[Collected data]
□ □ □ □ □
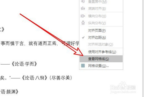 在弹出的对齐下拉菜单中点击查看网格线的菜单项。
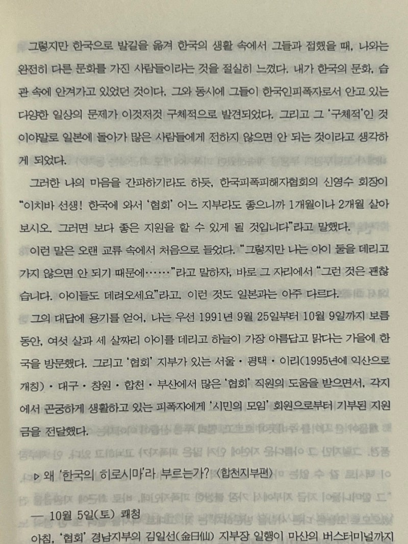 한국으로 발길을 옮겨 한국의 생활 속에서 그들과 접했을 때, 나와는 완전히 다른 문화를 가진 사람들이라는 것을 절실히 느꼈다. 내가 한국의 문화, 습관 속에 안겨가고 있었던 것이다. 그와 동시에 그들이 한국인피폭자로서 안고 있는 다양한 일상의 문제가 이것저것 구체적으로 발견되었다. 그리고 그 '구체적'인 것이야말로 일본에 돌아가 많은 사람들에게 전하지 않으면 안 되는 것이라고 생각하게 되었다.
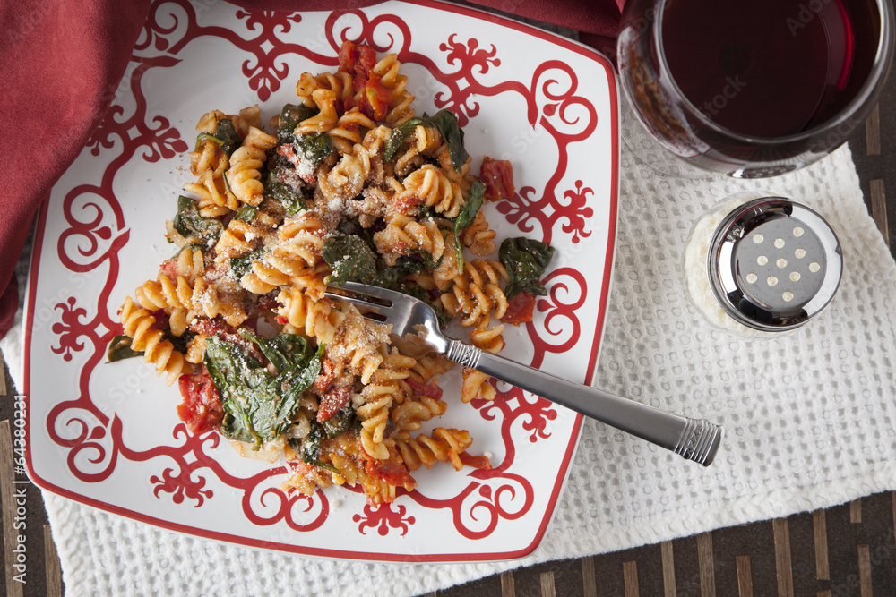Fusilli Pasta with Tomatos and Fresh Baby Spinach
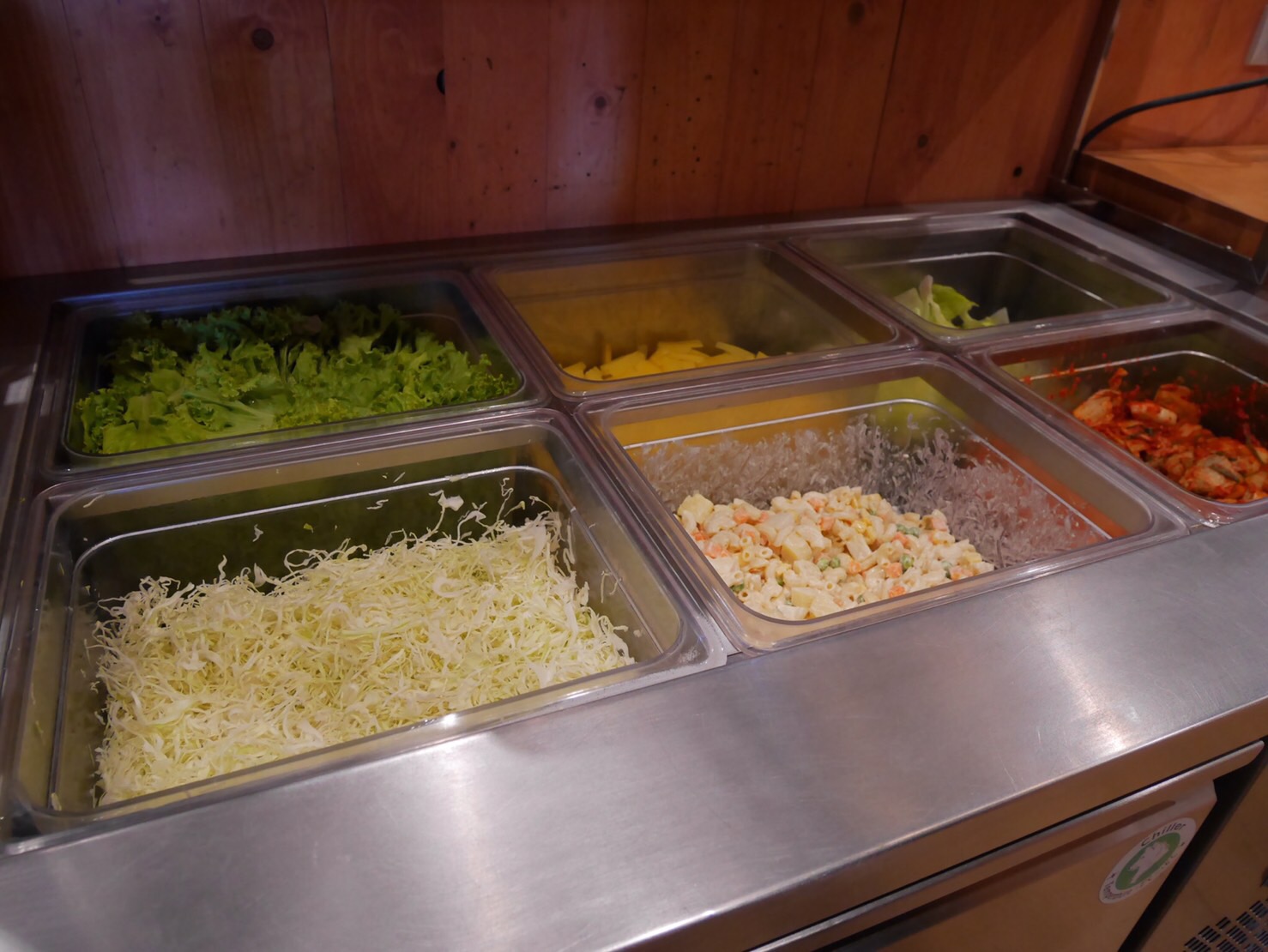 เหลือบไปเห็นบาร์เล็กๆ(ไม่รู้เรียกถูกหรือเปล่า) เป็นโซนสลัด จะมีกิมจิ มีไชเท้าดอง สลัดมักกะโรนี ให้ตักไปทานได้ตามชอบเลยค่ะ
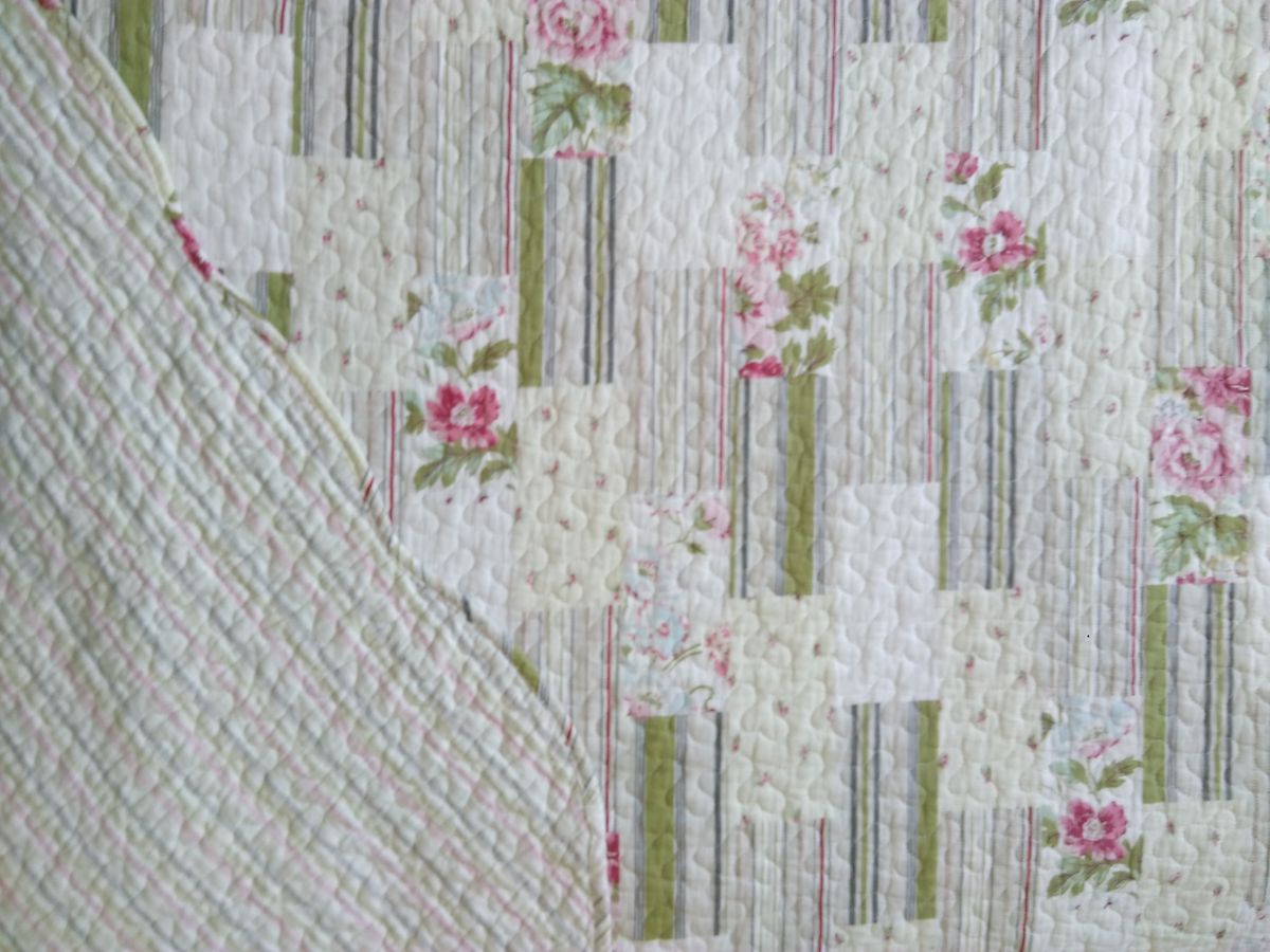 Modèle avec motifs floraux d’un côté et rayé de l’autre + 2 taies identiques pour lit 2 personnes :
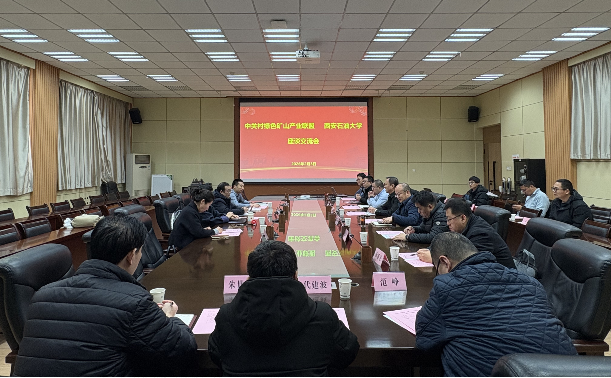 2月3日上午,中關村綠色礦山產業(yè)聯(lián)盟(以下簡稱“中綠盟”)副理事長兼秘書長王亮一行來校交流訪問,座談會在雁塔校區(qū)第一會議室舉行。校黨委委員、副校長張榮軍出席會議并講話。會議由科研處處長、研究生院院長高輝主持。
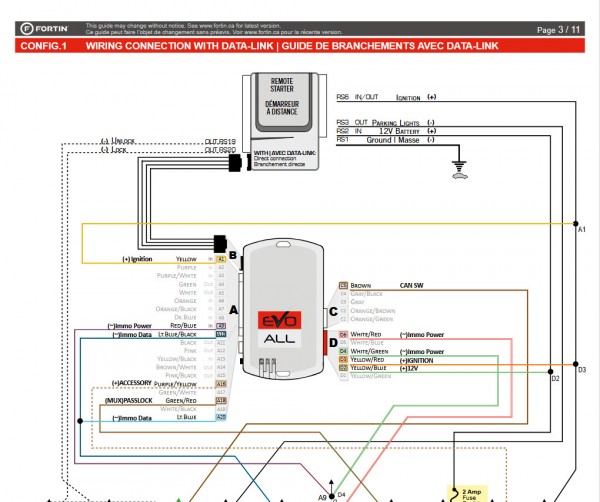 The evo-all will get power and ground through the data link (connector B), which will come from the power and ground connected to the remote starter module, hopefully this helps.
□ □ □ □ □
Each record above must be retyped exactly, minus its pictures.

**SOLUTION TO THE PROBLEM:**
 在弹出的对齐下拉菜单中点击查看网格线的菜单项。
 한국으로 발길을 옮겨 한국의 생활 속에서 그들과 접했을 때, 나와는 완전히 다른 문화를 가진 사람들이라는 것을 절실히 느꼈다. 내가 한국의 문화, 습관 속에 안겨가고 있었던 것이다. 그와 동시에 그들이 한국인피폭자로서 안고 있는 다양한 일상의 문제가 이것저것 구체적으로 발견되었다. 그리고 그 '구체적'인 것이야말로 일본에 돌아가 많은 사람들에게 전하지 않으면 안 되는 것이라고 생각하게 되었다.
Fusilli Pasta with Tomatos and Fresh Baby Spinach
 เหลือบไปเห็นบาร์เล็กๆ(ไม่รู้เรียกถูกหรือเปล่า) เป็นโซนสลัด จะมีกิมจิ มีไชเท้าดอง สลัดมักกะโรนี ให้ตักไปทานได้ตามชอบเลยค่ะ
 Modèle avec motifs floraux d’un côté et rayé de l’autre + 2 taies identiques pour lit 2 personnes :
 2月3日上午,中關村綠色礦山產業(yè)聯(lián)盟(以下簡稱“中綠盟”)副理事長兼秘書長王亮一行來校交流訪問,座談會在雁塔校區(qū)第一會議室舉行。校黨委委員、副校長張榮軍出席會議并講話。會議由科研處處長、研究生院院長高輝主持。
 The evo-all will get power and ground through the data link (connector B), which will come from the power and ground connected to the remote starter module, hopefully this helps.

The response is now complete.